## TASK BRIEF
A faithful transcript of every entry is required; pictures do not belong in it.

=== Section Start ===

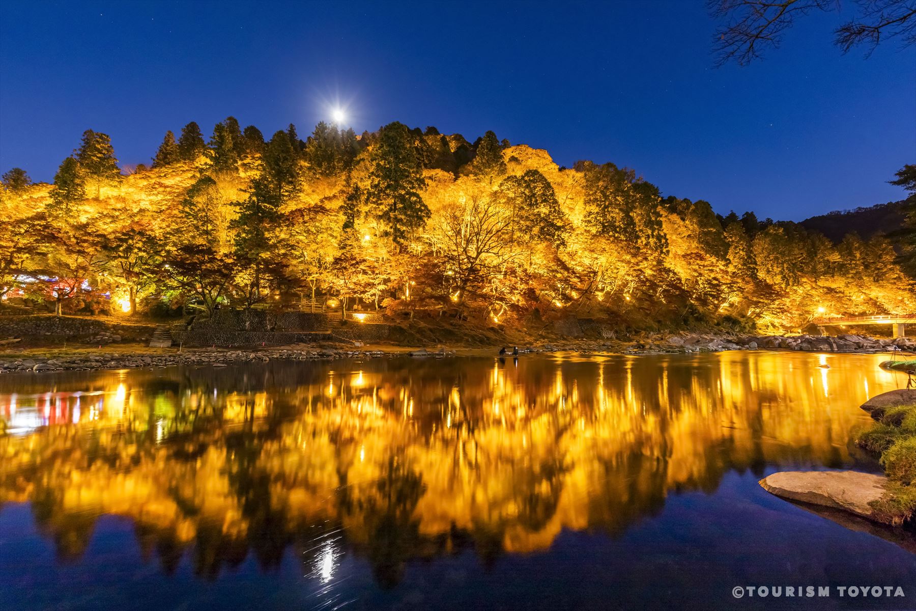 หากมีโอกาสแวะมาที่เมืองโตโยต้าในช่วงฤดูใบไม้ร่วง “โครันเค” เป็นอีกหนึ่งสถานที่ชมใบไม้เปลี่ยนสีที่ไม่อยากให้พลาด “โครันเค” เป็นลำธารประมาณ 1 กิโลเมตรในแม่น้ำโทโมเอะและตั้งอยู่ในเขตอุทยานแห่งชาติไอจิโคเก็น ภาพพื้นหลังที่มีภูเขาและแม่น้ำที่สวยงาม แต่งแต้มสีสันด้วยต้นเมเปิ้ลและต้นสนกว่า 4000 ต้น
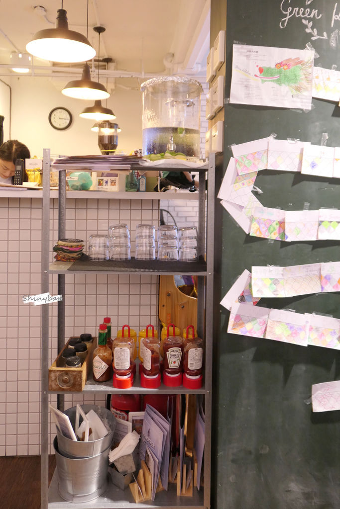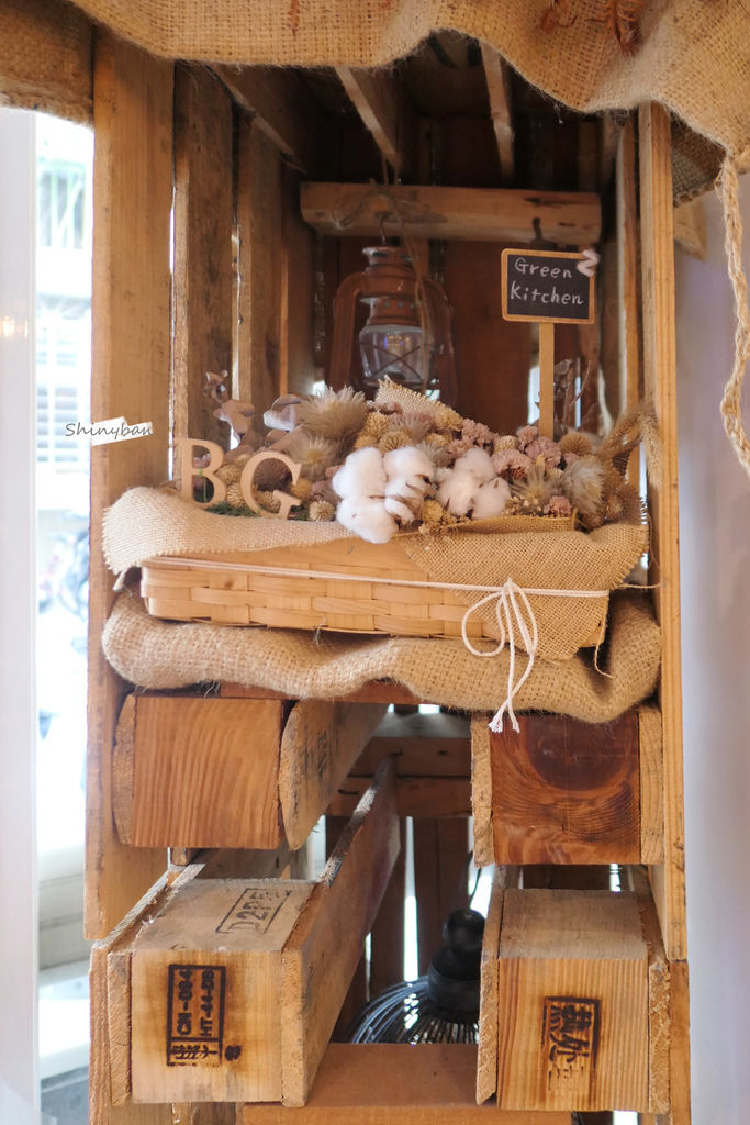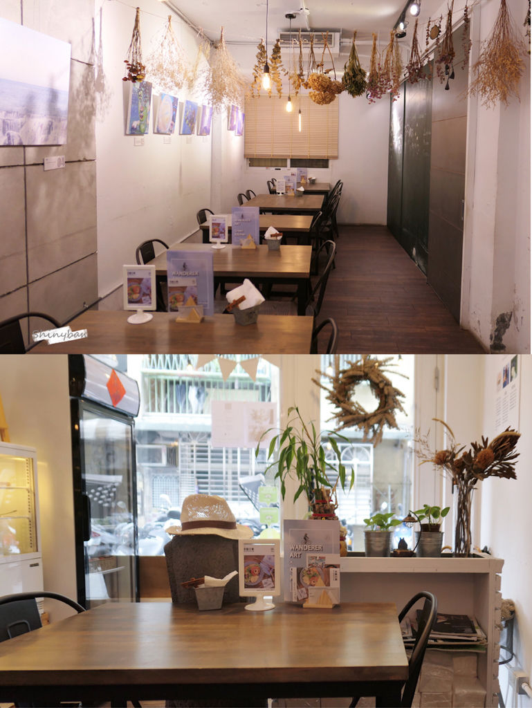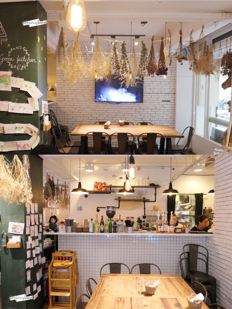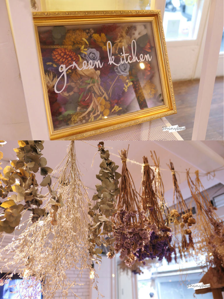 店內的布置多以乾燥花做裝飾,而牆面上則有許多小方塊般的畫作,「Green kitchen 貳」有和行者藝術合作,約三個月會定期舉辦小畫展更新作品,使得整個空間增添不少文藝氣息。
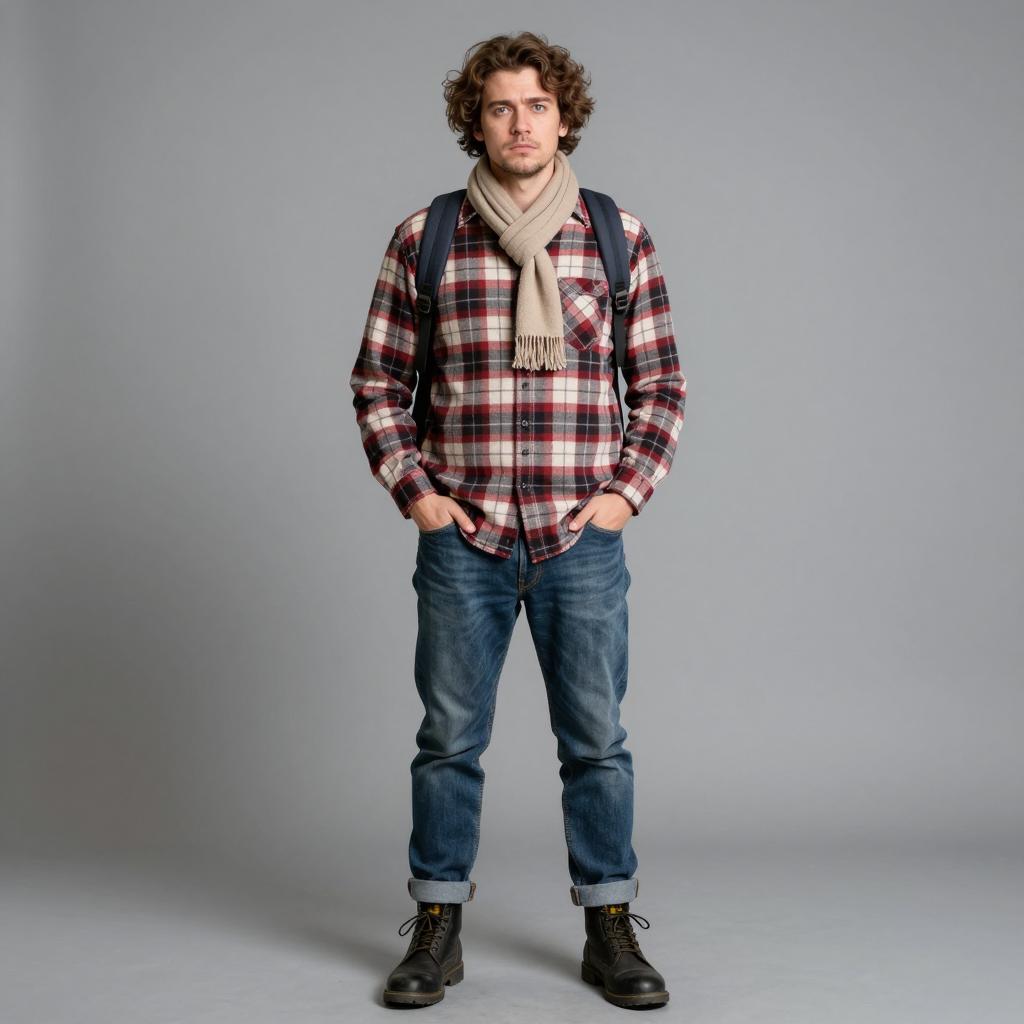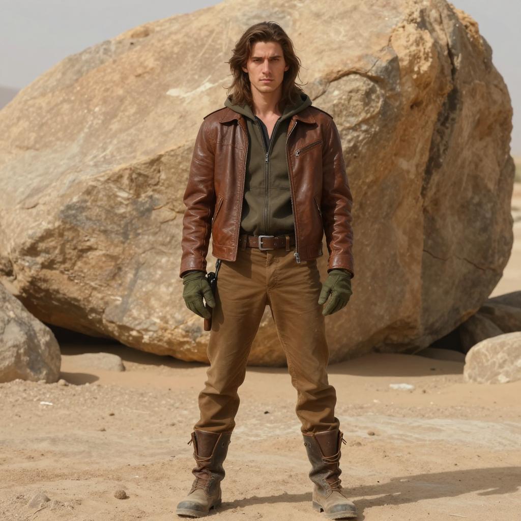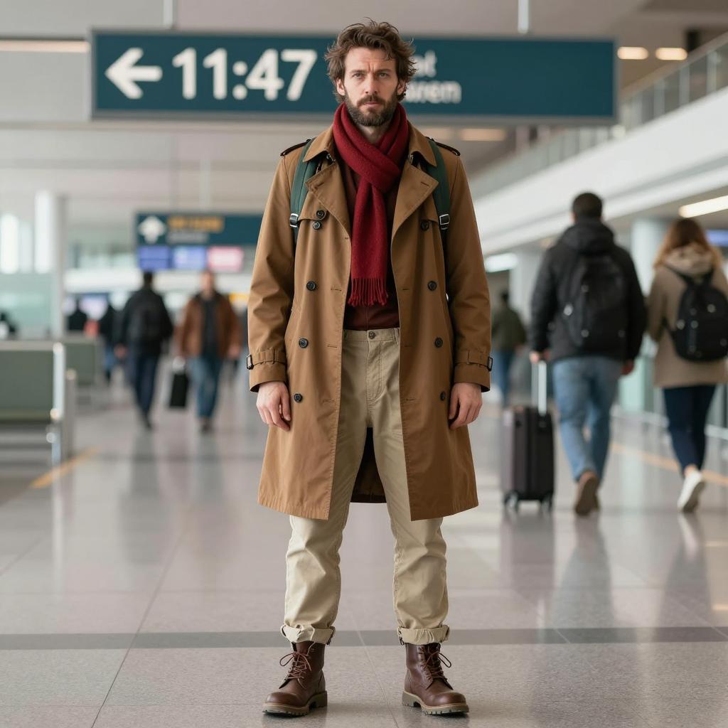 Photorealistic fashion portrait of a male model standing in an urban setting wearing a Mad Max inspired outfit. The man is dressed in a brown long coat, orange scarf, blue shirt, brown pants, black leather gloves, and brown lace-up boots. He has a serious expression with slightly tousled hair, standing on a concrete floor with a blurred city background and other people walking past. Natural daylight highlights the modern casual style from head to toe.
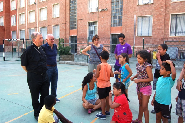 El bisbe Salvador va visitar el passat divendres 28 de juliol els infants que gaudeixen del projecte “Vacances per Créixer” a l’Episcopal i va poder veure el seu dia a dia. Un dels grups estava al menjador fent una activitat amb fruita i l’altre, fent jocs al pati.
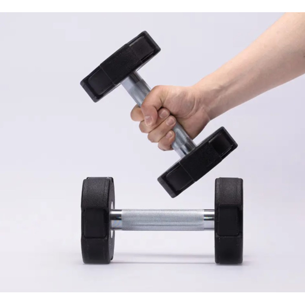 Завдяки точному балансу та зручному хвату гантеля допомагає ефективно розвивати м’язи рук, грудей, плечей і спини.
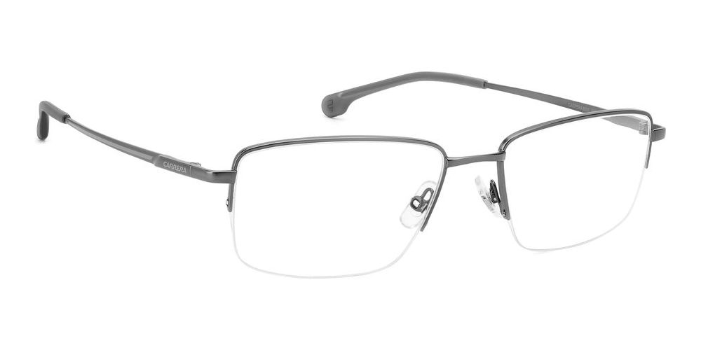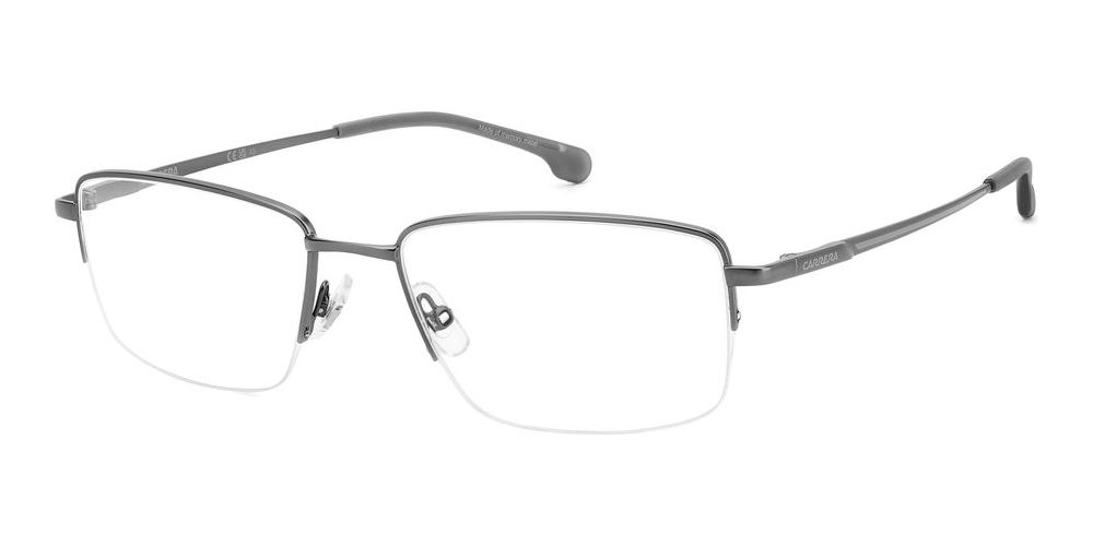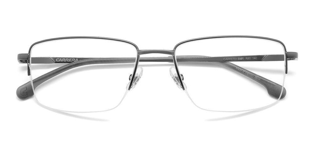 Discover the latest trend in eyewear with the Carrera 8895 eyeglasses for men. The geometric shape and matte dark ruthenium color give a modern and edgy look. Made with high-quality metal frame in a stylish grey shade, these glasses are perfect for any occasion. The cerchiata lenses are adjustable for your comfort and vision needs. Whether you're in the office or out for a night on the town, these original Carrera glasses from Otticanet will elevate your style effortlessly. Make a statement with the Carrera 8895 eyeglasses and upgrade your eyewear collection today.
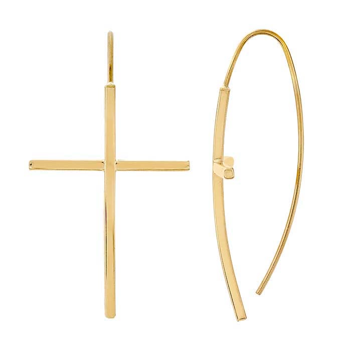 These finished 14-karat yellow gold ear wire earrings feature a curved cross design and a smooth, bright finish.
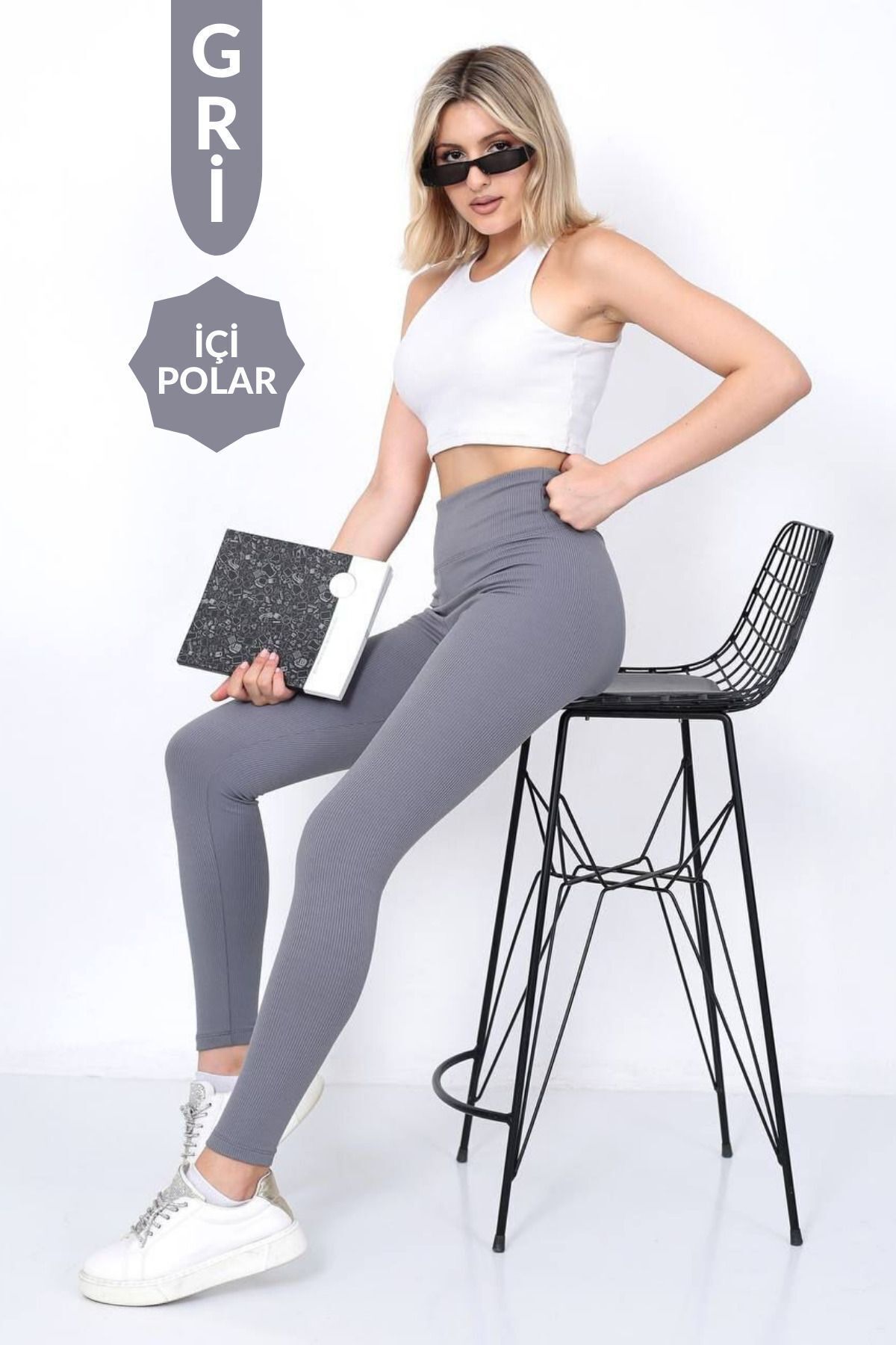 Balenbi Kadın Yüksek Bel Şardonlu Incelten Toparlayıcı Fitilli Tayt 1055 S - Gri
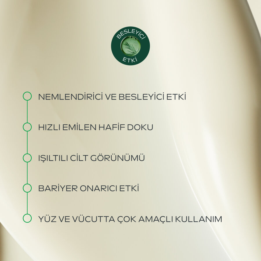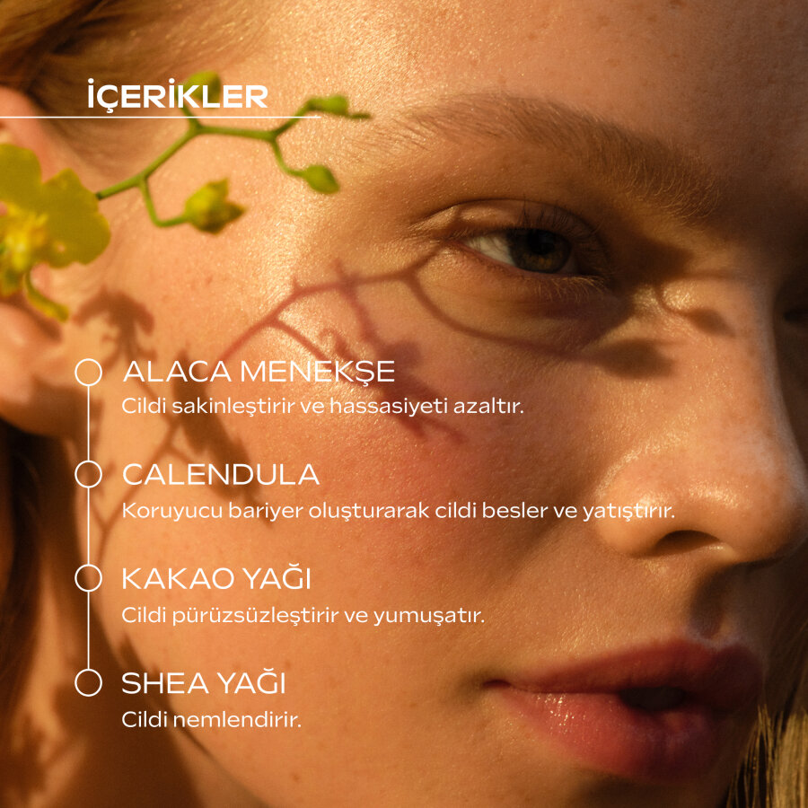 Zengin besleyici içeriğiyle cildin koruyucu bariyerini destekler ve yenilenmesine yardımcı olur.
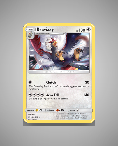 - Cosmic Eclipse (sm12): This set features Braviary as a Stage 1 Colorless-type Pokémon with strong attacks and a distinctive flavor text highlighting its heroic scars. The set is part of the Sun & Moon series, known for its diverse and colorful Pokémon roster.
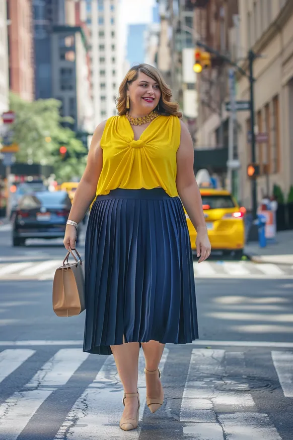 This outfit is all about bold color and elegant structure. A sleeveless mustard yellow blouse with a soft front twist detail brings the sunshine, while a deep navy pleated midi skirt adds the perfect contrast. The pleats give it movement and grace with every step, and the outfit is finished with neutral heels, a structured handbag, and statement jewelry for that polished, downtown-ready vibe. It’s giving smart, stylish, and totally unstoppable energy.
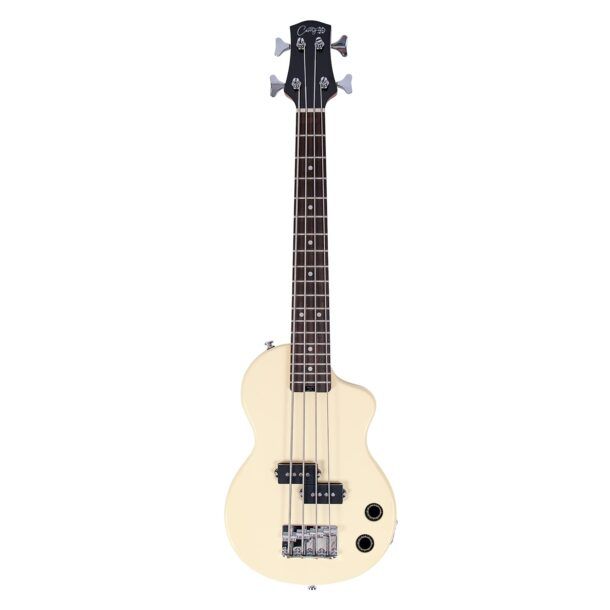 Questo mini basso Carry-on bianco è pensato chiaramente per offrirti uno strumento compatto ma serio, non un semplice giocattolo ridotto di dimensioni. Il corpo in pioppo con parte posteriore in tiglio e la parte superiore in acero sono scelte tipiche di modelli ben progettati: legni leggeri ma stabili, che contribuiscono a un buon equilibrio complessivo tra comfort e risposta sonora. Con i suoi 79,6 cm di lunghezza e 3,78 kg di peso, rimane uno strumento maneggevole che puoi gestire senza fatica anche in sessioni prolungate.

=== Section End ===

## ANSWER TO THIS EXERCISE
 หากมีโอกาสแวะมาที่เมืองโตโยต้าในช่วงฤดูใบไม้ร่วง “โครันเค” เป็นอีกหนึ่งสถานที่ชมใบไม้เปลี่ยนสีที่ไม่อยากให้พลาด “โครันเค” เป็นลำธารประมาณ 1 กิโลเมตรในแม่น้ำโทโมเอะและตั้งอยู่ในเขตอุทยานแห่งชาติไอจิโคเก็น ภาพพื้นหลังที่มีภูเขาและแม่น้ำที่สวยงาม แต่งแต้มสีสันด้วยต้นเมเปิ้ลและต้นสนกว่า 4000 ต้น
 店內的布置多以乾燥花做裝飾,而牆面上則有許多小方塊般的畫作,「Green kitchen 貳」有和行者藝術合作,約三個月會定期舉辦小畫展更新作品,使得整個空間增添不少文藝氣息。
 Photorealistic fashion portrait of a male model standing in an urban setting wearing a Mad Max inspired outfit. The man is dressed in a brown long coat, orange scarf, blue shirt, brown pants, black leather gloves, and brown lace-up boots. He has a serious expression with slightly tousled hair, standing on a concrete floor with a blurred city background and other people walking past. Natural daylight highlights the modern casual style from head to toe.
 El bisbe Salvador va visitar el passat divendres 28 de juliol els infants que gaudeixen del projecte “Vacances per Créixer” a l’Episcopal i va poder veure el seu dia a dia. Un dels grups estava al menjador fent una activitat amb fruita i l’altre, fent jocs al pati.
 Завдяки точному балансу та зручному хвату гантеля допомагає ефективно розвивати м’язи рук, грудей, плечей і спини.
 Discover the latest trend in eyewear with the Carrera 8895 eyeglasses for men. The geometric shape and matte dark ruthenium color give a modern and edgy look. Made with high-quality metal frame in a stylish grey shade, these glasses are perfect for any occasion. The cerchiata lenses are adjustable for your comfort and vision needs. Whether you're in the office or out for a night on the town, these original Carrera glasses from Otticanet will elevate your style effortlessly. Make a statement with the Carrera 8895 eyeglasses and upgrade your eyewear collection today.
 These finished 14-karat yellow gold ear wire earrings feature a curved cross design and a smooth, bright finish.
 Balenbi Kadın Yüksek Bel Şardonlu Incelten Toparlayıcı Fitilli Tayt 1055 S - Gri
 Zengin besleyici içeriğiyle cildin koruyucu bariyerini destekler ve yenilenmesine yardımcı olur.
 - Cosmic Eclipse (sm12): This set features Braviary as a Stage 1 Colorless-type Pokémon with strong attacks and a distinctive flavor text highlighting its heroic scars. The set is part of the Sun & Moon series, known for its diverse and colorful Pokémon roster.
 This outfit is all about bold color and elegant structure. A sleeveless mustard yellow blouse with a soft front twist detail brings the sunshine, while a deep navy pleated midi skirt adds the perfect contrast. The pleats give it movement and grace with every step, and the outfit is finished with neutral heels, a structured handbag, and statement jewelry for that polished, downtown-ready vibe. It’s giving smart, stylish, and totally unstoppable energy.
 Questo mini basso Carry-on bianco è pensato chiaramente per offrirti uno strumento compatto ma serio, non un semplice giocattolo ridotto di dimensioni. Il corpo in pioppo con parte posteriore in tiglio e la parte superiore in acero sono scelte tipiche di modelli ben progettati: legni leggeri ma stabili, che contribuiscono a un buon equilibrio complessivo tra comfort e risposta sonora. Con i suoi 79,6 cm di lunghezza e 3,78 kg di peso, rimane uno strumento maneggevole che puoi gestire senza fatica anche in sessioni prolungate.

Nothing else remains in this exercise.